Azalfa Lateef finished off the 2019 school year with a fantastic presentation at SYNAPE (Symposium for Young Neuroscientists and Professors of the SouthEast)! She presented the findings from her Science Undergraduate Research Fellowship (SURF) project, which focused on the association between physiological regulation and inhibitory control in the broad autism phenotype. Nice work, Azalfa!
Dr. Jessica Klusek is following high school seniors with fragile X syndrome. This four-year study is featured on the University of South Carolina's website. The study is hoping to uncover how well these students transition into adulthood.
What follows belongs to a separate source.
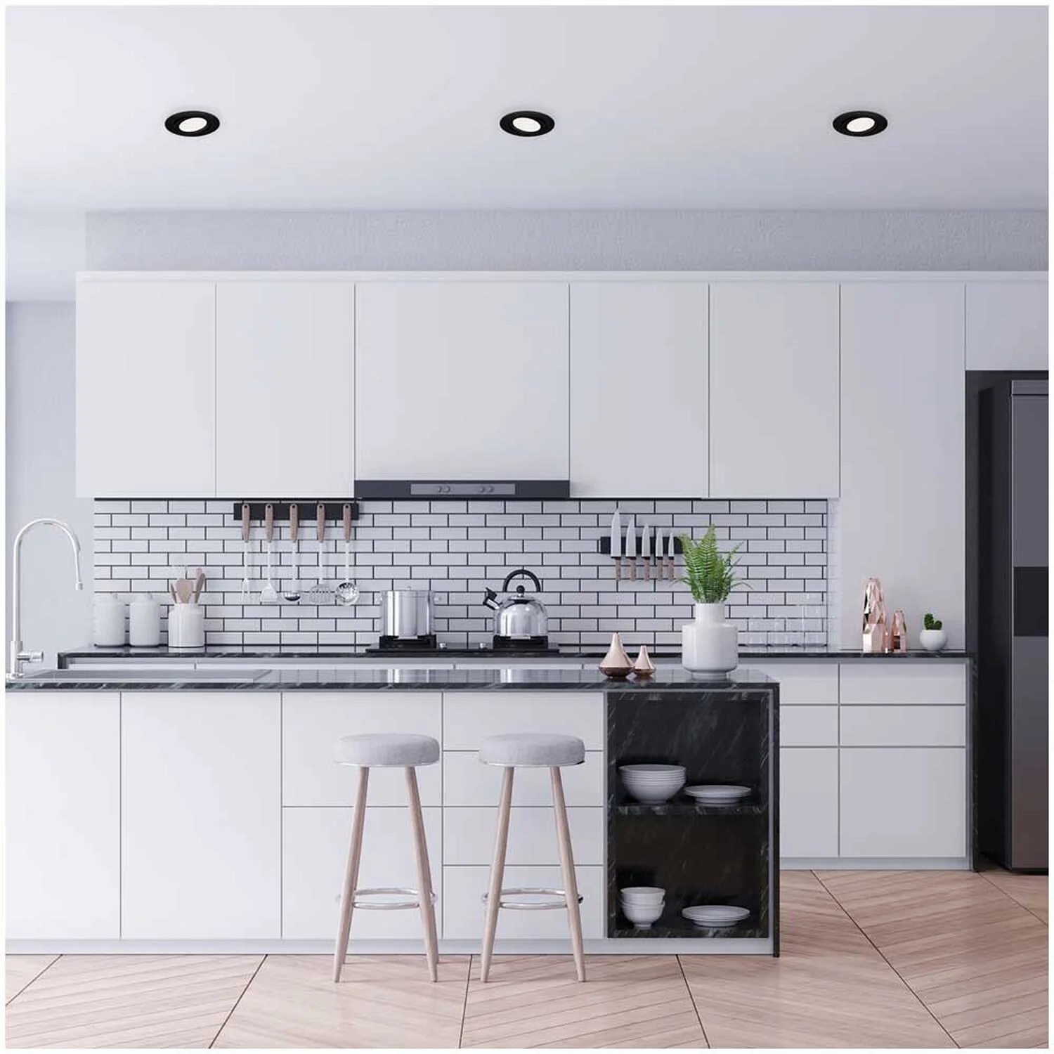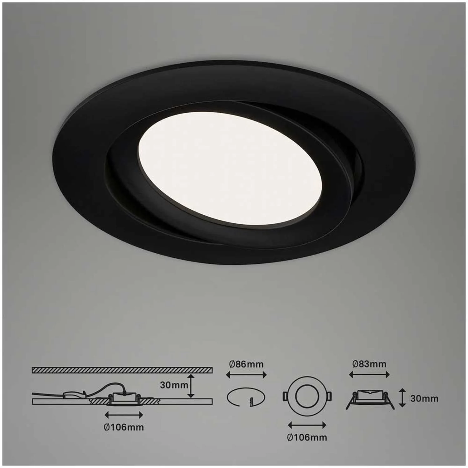 Leuchten Sie Ihren Wohnraum optimal aus. Mit der matten schwarzen LED-Einbauleuchte Flat In von Brilo sorgen Sie nicht nur für ein angenehm neutralweisses Licht (4’000 K), sondern Sie können diese durch die schwenkbaren LED-Module in die von Ihnen gewünschte Richtung schwenken. Die Leuchte hat eine Wattage von 7 W und eine Lichtstärke von 600 lm. Mit einer langen Lebensdauer von 25’000 h und der Schutzart IP23 ist sie nur für den Innenbereich geeignet. Die Leuchte hat einen Einbaudurchmesser von 86 mm und die Einbauhöhe beträgt 30 mm.

Dr. Klusek, along with Dr. Jane Roberts and other stakeholders and advocates, gathered in the South Carolina state capitol to share their individual experiences with fragile X syndrome in honor of July 22, 2018 being proclaimed Fragile X Awareness Day. This governor’s proclamation of the inaugural South Carolina Fragile X Awareness Day was an important step in raising awareness for fragile X syndrome in South Carolina!
A new fragile X study has been funded! Dr. Jessica Klusek’s lab at the University of South Carolina will take part in a multi-site study funded by the National Institutes of Health. A $3.1 million research grant has been awarded from the Eunice Kennedy Shriver National Institute of Child Health & Human Development. The study is led by Dr. Len Abbeduto of the MIND institute at University of California Davis, with sites at Vanderbilt University led by Dr. Julie Lounds Taylor and University of South Carolina led by Dr. Jessica Klusek. The focus of this longitudinal study is to understand the interaction between language and capacity for independent functioning during the transition into adulthood in individuals with fragile X syndrome. Dr. Klusek is currently recruiting individuals with fragile X syndrome who are in their final year of high school. Recruitment is nationwide, with travel expenses paid by the grant. For more information, please contact Dr. Klusek’s lab.
Sydney Burrell was awarded a Magellan Scholars Research Grant. The title of her project is: "Mother-Child Synchrony as a Predictor of Problem Behavior and Autism-Related Deficits in Individuals with Fragile X Syndrome." In this project, she will investigate if mother-child interaction can predict social outcomes, problem behaviors, and autism symptoms at a one-year follow up. Congratulations, Sydney!
Veronica McLean, a junior at USC double majoring in Psychology and English in the South Carolina Honors College, has been recently awarded a Science Undergraduate Research Fellowship (SURF) to support her engagement in mentored research with our team. Veronica’s project will focus on story grammar and narrative abilities associated with FMR1 gene mutations. Congratulations, Veronica!